Even after last year's market mayhem and this year's turbulent start, investment bargains are difficult to come by.

But you have to stash your money somewhere, and it increasingly looks like the best values are found not abroad, but in the U.S. stock and bond markets.

Going back to U.S. If you're a regular reader of this column, you know the drill: You want to build a globally diversified mix of stock and bond funds, preferably index funds, with each fund assigned a target portfolio percentage. Thereafter, you should occasionally check on each fund, to make sure it hasn't strayed too far from its target.

What if you check today? You will likely find you are below target on struggling investments such as U.S. stocks, municipal bonds, high-yield "junk" bonds and real estate investment trusts. Meanwhile, you're probably overweighted on foreign stock markets, especially emerging-markets funds, which posted sizzling 37 percent average gains in 2007, according to investment researcher Morningstar.

Indeed, if you have a disciplined bone in your body, you ought to shun today's international-investing craze, lighten up on foreign funds and buy American.

Filling suitcases. There is an added reason to shift money back home: valuations.

Emerging-markets stocks have notched a cumulative 383 percent total return during the past five years compared with 83 percent for the Standard & Poor's 500-stock index. Result: Today, emerging markets are no bargain.

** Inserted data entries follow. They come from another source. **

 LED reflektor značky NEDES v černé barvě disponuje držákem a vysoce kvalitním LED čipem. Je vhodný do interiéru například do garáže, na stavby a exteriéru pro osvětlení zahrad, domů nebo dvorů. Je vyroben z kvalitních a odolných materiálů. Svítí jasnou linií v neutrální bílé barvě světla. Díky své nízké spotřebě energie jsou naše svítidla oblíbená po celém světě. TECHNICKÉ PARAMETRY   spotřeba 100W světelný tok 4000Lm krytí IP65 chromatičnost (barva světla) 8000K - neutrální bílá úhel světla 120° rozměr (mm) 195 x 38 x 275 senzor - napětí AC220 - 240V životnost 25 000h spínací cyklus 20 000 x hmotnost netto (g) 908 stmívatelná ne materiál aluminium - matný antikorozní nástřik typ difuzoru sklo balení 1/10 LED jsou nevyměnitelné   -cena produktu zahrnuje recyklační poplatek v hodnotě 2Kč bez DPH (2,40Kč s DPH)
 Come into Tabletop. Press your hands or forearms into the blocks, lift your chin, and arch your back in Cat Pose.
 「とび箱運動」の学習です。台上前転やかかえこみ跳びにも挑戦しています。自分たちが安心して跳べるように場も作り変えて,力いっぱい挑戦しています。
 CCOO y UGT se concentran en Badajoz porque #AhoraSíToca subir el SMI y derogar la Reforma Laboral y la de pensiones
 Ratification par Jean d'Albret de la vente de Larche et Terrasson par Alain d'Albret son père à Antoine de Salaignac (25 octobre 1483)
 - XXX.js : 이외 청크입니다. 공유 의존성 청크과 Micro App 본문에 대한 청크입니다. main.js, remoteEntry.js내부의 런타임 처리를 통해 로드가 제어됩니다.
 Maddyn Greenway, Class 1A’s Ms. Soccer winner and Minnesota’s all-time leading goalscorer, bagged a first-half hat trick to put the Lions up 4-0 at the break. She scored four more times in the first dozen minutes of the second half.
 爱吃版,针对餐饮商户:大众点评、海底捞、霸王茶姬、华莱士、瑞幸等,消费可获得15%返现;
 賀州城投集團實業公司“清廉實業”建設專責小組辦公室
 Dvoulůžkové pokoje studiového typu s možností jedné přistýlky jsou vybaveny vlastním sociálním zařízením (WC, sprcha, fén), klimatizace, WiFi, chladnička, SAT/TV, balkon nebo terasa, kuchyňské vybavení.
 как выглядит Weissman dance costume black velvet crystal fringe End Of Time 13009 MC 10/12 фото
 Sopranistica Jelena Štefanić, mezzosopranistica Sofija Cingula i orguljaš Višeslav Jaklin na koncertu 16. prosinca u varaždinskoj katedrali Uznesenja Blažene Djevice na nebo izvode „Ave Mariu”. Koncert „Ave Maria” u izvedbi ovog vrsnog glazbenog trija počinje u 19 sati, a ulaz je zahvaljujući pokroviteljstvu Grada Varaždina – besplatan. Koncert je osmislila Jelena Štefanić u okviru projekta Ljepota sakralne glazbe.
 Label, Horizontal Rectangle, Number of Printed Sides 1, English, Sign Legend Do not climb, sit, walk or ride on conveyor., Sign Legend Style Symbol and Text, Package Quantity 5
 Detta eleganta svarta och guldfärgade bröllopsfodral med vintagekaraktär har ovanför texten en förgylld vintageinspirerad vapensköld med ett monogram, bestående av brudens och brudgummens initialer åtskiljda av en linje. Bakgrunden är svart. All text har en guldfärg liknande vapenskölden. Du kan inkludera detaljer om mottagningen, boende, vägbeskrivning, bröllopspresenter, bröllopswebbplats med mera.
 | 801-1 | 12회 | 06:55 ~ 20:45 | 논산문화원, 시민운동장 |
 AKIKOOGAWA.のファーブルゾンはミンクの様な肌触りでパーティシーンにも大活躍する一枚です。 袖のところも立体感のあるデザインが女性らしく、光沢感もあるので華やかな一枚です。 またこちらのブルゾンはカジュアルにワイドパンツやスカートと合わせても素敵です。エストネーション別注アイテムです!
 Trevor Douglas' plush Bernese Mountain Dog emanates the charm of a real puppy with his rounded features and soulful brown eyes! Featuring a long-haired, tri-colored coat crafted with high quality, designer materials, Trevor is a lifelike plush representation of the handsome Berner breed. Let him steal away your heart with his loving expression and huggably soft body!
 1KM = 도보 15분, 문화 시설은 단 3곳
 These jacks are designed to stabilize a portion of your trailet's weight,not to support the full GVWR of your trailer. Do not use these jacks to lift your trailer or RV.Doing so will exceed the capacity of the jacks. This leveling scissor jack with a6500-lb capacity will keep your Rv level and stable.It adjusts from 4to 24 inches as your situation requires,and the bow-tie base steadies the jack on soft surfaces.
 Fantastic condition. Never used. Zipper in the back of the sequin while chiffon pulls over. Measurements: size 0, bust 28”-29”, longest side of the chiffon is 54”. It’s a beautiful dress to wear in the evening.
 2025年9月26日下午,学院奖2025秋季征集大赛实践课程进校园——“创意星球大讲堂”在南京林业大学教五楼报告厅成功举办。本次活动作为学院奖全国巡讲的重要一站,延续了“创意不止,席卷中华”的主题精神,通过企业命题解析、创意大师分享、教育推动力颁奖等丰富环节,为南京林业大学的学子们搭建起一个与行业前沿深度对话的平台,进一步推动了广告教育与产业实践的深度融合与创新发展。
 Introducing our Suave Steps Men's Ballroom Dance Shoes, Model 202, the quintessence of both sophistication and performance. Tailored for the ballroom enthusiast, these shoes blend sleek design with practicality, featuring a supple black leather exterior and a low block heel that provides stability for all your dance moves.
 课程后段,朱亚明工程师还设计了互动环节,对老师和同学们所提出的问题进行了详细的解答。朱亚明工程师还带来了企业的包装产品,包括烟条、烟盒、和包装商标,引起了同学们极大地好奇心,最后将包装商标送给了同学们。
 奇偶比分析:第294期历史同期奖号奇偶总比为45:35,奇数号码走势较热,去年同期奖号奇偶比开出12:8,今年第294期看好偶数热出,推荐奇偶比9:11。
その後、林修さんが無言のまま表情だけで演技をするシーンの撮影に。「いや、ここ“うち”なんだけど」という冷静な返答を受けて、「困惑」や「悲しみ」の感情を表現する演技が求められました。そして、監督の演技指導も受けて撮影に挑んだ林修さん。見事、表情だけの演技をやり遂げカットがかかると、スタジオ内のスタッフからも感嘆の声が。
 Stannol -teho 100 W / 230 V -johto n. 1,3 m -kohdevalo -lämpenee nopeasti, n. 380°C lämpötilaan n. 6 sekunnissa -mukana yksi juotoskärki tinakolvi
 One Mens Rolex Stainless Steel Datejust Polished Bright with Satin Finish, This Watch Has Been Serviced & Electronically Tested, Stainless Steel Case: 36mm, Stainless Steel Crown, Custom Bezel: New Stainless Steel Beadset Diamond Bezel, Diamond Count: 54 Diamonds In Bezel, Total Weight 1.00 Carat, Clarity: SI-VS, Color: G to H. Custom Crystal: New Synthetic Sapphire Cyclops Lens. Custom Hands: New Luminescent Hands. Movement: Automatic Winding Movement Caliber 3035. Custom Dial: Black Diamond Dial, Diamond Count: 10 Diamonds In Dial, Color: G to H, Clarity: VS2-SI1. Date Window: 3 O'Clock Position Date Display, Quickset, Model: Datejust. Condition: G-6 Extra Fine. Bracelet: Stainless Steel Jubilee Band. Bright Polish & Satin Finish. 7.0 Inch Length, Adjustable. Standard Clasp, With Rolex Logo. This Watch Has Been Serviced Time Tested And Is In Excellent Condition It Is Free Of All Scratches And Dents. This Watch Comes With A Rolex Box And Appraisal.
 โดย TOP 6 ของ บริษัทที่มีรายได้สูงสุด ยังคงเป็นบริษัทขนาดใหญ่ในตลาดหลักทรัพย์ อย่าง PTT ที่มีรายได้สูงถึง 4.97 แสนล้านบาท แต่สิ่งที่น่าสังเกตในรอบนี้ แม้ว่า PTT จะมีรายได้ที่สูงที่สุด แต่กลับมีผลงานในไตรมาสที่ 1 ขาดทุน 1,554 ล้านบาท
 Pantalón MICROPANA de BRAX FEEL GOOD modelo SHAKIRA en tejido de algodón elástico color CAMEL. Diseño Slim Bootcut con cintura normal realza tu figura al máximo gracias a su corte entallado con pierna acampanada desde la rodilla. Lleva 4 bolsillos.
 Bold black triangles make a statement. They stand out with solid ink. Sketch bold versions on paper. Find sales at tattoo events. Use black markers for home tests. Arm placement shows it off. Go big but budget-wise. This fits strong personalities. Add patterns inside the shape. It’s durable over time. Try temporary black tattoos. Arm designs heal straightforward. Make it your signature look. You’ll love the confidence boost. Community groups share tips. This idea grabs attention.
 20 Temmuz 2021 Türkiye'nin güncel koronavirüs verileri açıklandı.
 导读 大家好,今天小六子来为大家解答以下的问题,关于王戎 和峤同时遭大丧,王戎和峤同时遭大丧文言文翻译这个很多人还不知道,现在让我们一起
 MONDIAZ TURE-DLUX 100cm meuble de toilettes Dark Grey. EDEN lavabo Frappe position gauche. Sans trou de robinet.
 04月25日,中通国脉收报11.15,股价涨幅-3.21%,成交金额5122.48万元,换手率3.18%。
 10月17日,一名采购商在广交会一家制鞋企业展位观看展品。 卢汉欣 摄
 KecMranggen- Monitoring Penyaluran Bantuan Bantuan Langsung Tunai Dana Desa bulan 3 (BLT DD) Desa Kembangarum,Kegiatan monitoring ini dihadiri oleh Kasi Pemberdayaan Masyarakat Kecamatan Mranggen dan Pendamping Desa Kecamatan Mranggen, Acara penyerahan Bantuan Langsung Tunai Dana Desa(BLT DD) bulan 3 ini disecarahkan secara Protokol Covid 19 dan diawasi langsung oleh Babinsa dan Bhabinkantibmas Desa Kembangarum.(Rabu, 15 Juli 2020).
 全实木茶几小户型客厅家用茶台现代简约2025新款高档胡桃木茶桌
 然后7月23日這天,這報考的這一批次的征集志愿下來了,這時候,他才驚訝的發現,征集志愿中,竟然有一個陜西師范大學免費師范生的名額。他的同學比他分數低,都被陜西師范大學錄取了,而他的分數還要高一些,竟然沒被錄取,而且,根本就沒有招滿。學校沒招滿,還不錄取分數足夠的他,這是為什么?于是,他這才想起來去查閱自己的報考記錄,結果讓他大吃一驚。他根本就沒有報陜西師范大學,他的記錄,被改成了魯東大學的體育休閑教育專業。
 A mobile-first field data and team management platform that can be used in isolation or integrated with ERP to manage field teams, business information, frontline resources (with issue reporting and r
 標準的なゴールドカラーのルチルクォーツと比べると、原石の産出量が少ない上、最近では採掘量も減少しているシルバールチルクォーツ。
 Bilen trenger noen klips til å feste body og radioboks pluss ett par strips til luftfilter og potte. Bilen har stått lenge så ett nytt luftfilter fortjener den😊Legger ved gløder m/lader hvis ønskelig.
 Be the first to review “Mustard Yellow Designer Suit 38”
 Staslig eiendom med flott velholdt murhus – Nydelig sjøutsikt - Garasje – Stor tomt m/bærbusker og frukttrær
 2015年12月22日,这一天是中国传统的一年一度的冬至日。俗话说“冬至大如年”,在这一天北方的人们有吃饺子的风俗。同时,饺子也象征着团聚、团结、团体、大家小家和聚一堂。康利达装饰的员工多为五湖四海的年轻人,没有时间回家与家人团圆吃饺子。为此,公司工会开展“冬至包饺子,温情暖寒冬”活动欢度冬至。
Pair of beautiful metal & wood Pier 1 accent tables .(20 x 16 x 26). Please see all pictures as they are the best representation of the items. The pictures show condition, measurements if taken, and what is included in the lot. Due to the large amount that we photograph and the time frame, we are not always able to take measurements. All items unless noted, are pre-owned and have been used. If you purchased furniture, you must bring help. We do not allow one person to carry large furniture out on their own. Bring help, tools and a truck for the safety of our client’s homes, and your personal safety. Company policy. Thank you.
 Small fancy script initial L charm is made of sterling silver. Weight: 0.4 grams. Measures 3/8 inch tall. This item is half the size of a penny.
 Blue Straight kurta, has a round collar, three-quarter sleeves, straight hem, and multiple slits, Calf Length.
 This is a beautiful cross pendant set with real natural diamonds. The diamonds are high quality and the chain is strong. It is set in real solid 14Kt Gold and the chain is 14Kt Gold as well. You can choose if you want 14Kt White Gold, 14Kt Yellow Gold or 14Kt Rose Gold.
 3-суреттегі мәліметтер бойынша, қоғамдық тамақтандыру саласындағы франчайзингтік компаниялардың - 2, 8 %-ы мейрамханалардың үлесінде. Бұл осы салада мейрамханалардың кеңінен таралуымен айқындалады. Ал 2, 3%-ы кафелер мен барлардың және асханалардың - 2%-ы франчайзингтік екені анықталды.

"They're as richly valued, or maybe more richly valued, than U.S. stocks, and that doesn't make any sense," argues investment adviser William Bernstein, author of "The Four Pillars of Investing."

To make matters worse, the dollar seems cheap compared with other currencies, and it could rally. That would hurt the performance of foreign stock and bond funds that don't hedge their currency exposure. "When you see all the Germans and the French in New York City filling up their suitcases, that tells you something," Bernstein quips.

Betting big. Parts of the U.S. stock and bond markets look increasingly attractive. The S&P 500 is at less than 18 times trailing 12-month reported earnings, not far above its long-term average. In fact, large-company share prices have performed so dismally this decade that the S&P 500 index remains 9 percent below its March 2000 bull-market peak.

"Large-cap price-earnings ratios, relative to small caps, are at low levels based on the range for the past 25 years," says Ken Gregory, a partner at Litman/Gregory Asset Management in Orinda, Calif. He notes that large stocks typically fare well late in the economic cycle.

"When large caps beat small caps, megacaps tend to do even better," Gregory adds. That's why he likes iShares S&P 100, an exchange-traded index fund that owns 100 of the U.S. market's largest companies.

Tax-free municipal bonds look tempting. Despite their tax advantages, munis sport yields that almost rival Treasury bonds, with funds such as Fidelity Municipal Income and Vanguard Intermediate-Term Tax-Exempt recently yielding about 3.7 percent.

Two other U.S. market sectors aren't quite as appealing, but they're getting there. After seven years of impressive gains, real-estate funds ranked as 2007's hardest-hit fund category, tumbling 15 percent.

Don't have any exposure to real estate investment trusts? Maybe this is the year to build up a position in a fund such as Vanguard REIT Index.

"You can't get too excited about REITs for outsized returns," says Chris Cordaro, chief investment officer at RegentAtlantic Capital in Chatham, N.J. "What you're really hoping is that they'll help with diversification."

Also keep an eye on high-yield "junk" bonds, which are yielding about 6 percentage points more than 10-year Treasury notes.